A preliminary court hearing in the Netherlands has ruled that the Non-Seafarers’ Work Clause, the so-called Dockers’ Clause of a collective bargaining agreement (CBA) that came into force on 1 January, should be set aside during the current pandemic. The Dockers’ Clause was amended in February 2018 as part of an agreement between the International Transport Workers’ Federation (ITF) and the international maritime employers that make up the joint negotiating group.
Trade unions in the UK are appealing the preliminary ruling in a Dutch court that could result in a jointly negotiated agreement on who carries out cargo handling and lashing operations between shipping lines and maritime unions ruled as unlawful. Safety concerns over crew lashing incidents are a key consideration in the appeal.
The Dockers’ Clause states that neither seafarers or anyone else on board can carry out cargo-handling services in a port, terminal, or on board a vessel if an ITF-affiliated dockworker is available. If the number of dockworkers is insufficient on board, the crew may carry out the work if there is a prior agreement in place.
An ITF statement to SAS said, “We will be making our case in the courts.”
Unions took court action after a number of feeder operators and ship managers refused to comply with a negotiated CBA; however, the court ruled that there was an issue with the “reasonableness and fairness” in the negotiation of the Dockers’ Clause.
Shipping lines often use crew, sometimes on moving vessels, to handle lashing operations on board vessels. Unions claimed the practice is dangerous and that there have been casualties as crew are not trained in lashing work.

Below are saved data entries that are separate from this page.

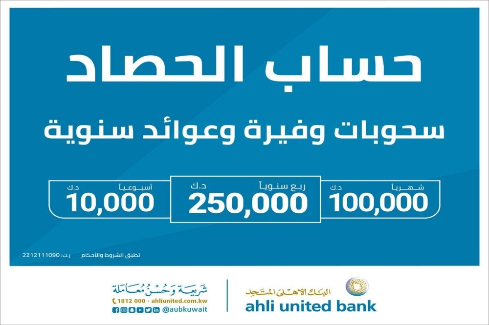 أعلن البنك الأهلي المتحد نتيجة السحب الأسبوعي على جوائز الحصاد، والذي أقيم يوم 10 الجاري في المقر الرئيسي للبنك، بحضور ممثل عن وزارة التجارة والصناعة، بالإضافة إلى حضور وإشراف ممثل من شركة ديلويت العالمية المدقق الخارجي لمراجعة عملية السحب، التزاماً بتعليمات وزارة التجارة والصناعة في ذلك الشأن. وأسفر السحب عن حصول 10 من العملاء على 1,000 دينار لكل منهم وهم: روزي جوزيف دي سوزا، وعبدالرزاق محمد جعفر آل رشيد، وعادل اسماعيل أحمد الذويب، عبدالرؤوف راضي عيسى بوموزة، وبدرية ناصر سلمان الرشدان، وخلود مطلق حشف المطيري، ومريم محمد صهيب كمبال، وبدرية مفلح حمود الصويلح، وأديبة عبد الله محمد حبيب، وأحمد حسين أشكناني. اقرأ المزيد: https://www.aljarida.com/article/50604
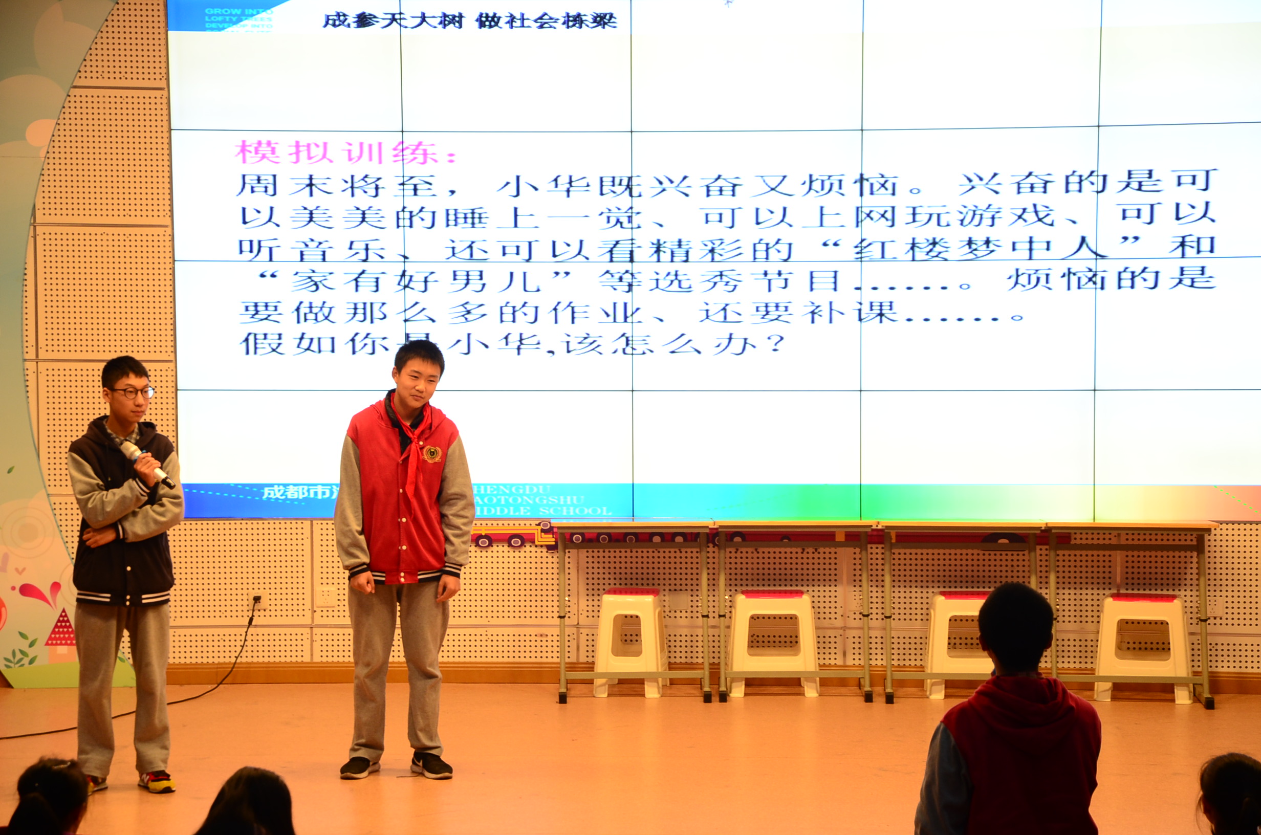 接下来,五班的同学进行了现场模拟训练,在具体的事例中,场下的同学也针对案例提出了建议。
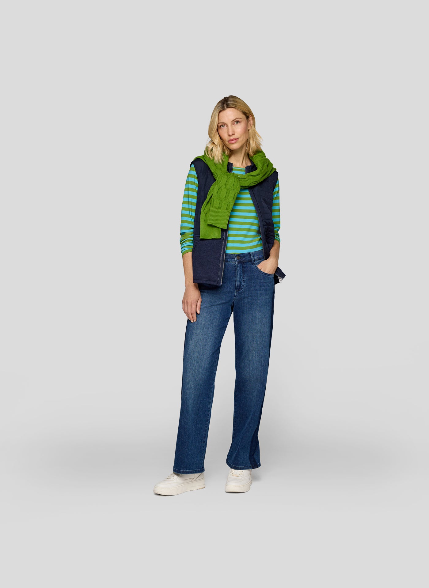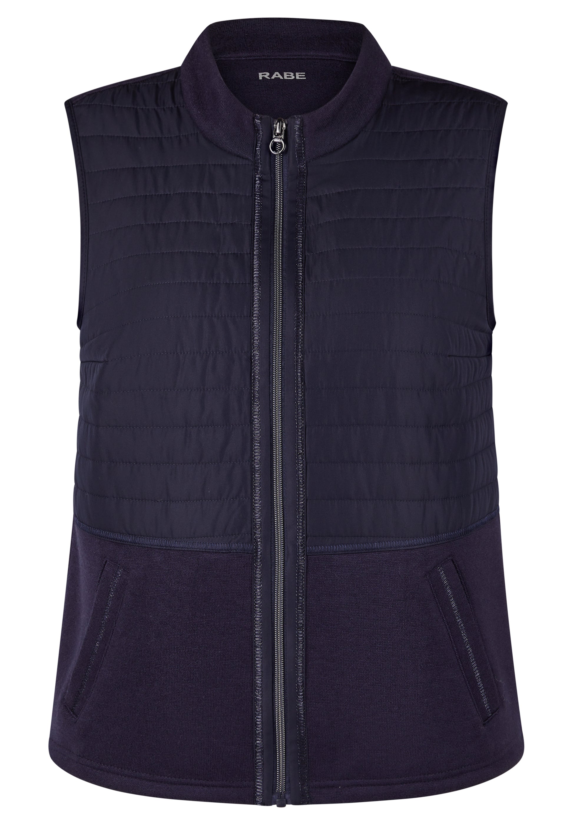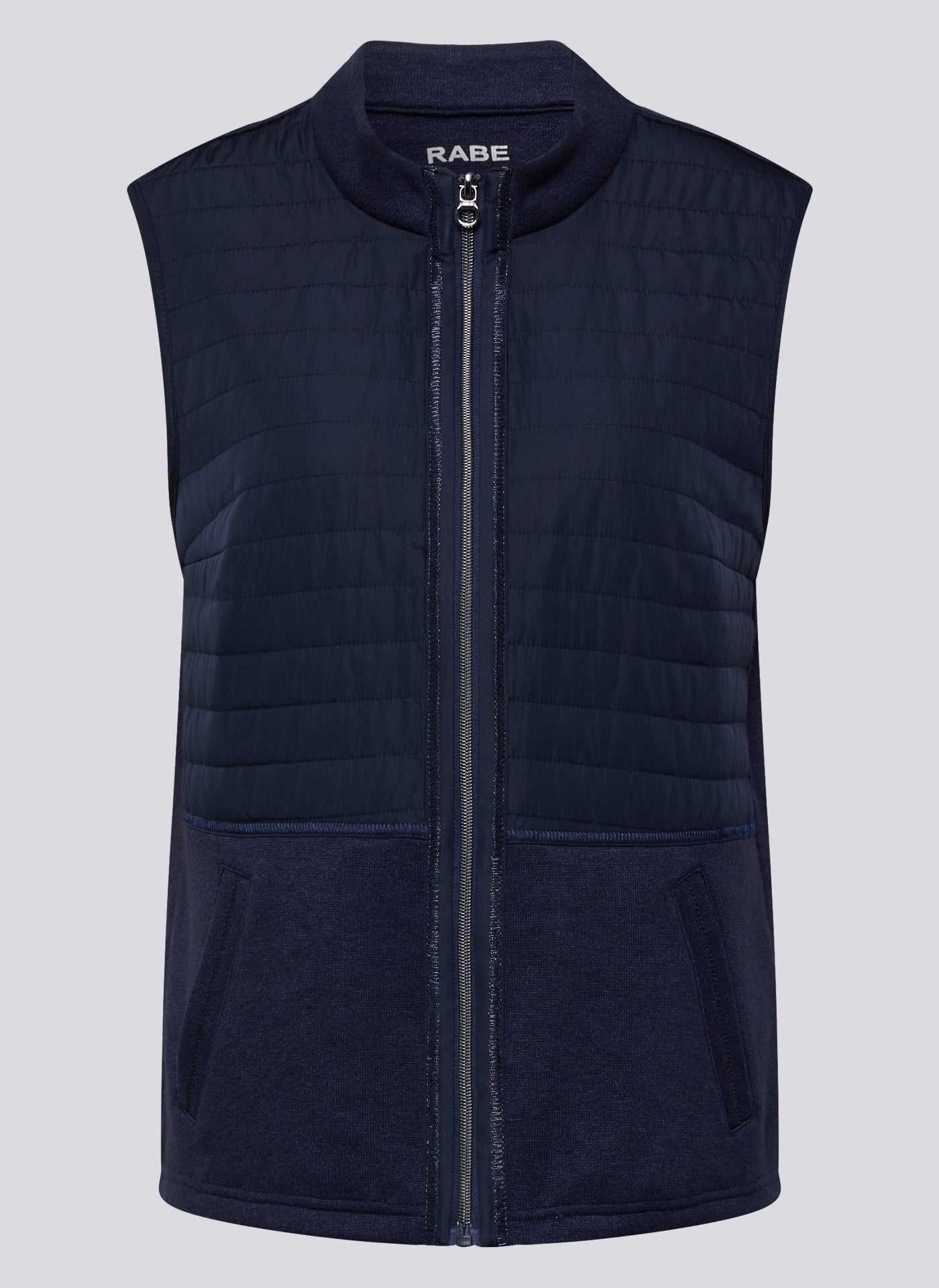 Diese moderne Weste kombiniert einen sportiven Stepp im Brustbereich mit einer weichen Jerseyqualität im unteren Teil. Der hochgeschlossene Rundhalsausschnitt, der durchgehende Reißverschluss sowie die seitlichen Eingrifftaschen machen das Modell zu einem vielseitigen Begleiter für Übergangstage. Die Kombination aus Funktionalität und Komfort sorgt für ein angenehmes Tragegefühl bei gleichzeitig stilvollem Look. Kombinierter Jersey- und Steppmix. Eingrifftaschen seitlich. Ideal für Übergangszeiten.
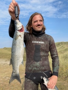 Efter kort tid ser jeg den første multe. Jeg plejer altid at holde mig rolig i vandet men jeg panikker og skyder efter den fra overfladen og rammer ved siden af. Skud fra overfladen er svære og især når der er lidt dønninger som i dag. Imens jeg lader min harpun kommer 6 multer svømmende forbi mig. Der går lige et par minutter før jeg får ro på og med tiltro om at jeg nok skal fange en multe, kommer jeg ind i mit stille mode igen. “Ingen panik – tag det roligt”.
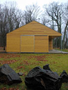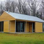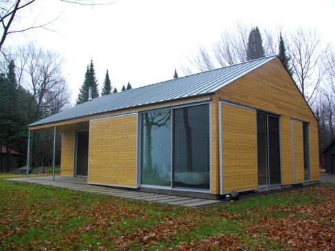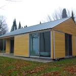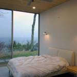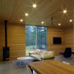Another challenge was the remote nature of the site. In order to maximize the cost efficiency of the structure and minimize the environmental impact of the project, the house was designed using locally shop fabricated components and indigenous building materials. All of the walls and roof trusses were fabricated by a local wood truss manufacturer. Because all of the glazing was full-height, the wall panels were all simple rectangular units, designed as modular components, that were easily and quickly assembled on site. Locally harvested and milled white cedar was used on the interior and exterior surfaces of the building. Concrete from a nearby supplier was ground and polished for the floors throughout the building and was heated by a high efficiency boiler system. The only major building components not manufactured locally were the zinc roof panels and the monumental aluminum sliding glass windows. Both were selected for their longevity and their ability to be recycled after use.

In a preliminary hearing, the court decided that the safety issue was not conclusive and that the current pandemic made it difficult for employers to comply with the Dockers’ Clause.
The hearing took place on 6 August, but the ruling was released on 27 August, with the judge saying that compliance with the Dockers’ Clause during the current pandemic is “onerous” for ship managers and operators, and therefore, “the interests of the shipowner and the crew in the context of [public] health outweigh the importance of claimants in the present observant [sic] of the Non-Seafarers’ Work Clause”.
Furthermore, the court decided that the Dockers’ Clause may be considered anti-competitive, in the sense that it contravenes EU competition law, preventing free competition for lashing work. A further hearing on 6 October will be heard in the future to determine a final ruling on the case.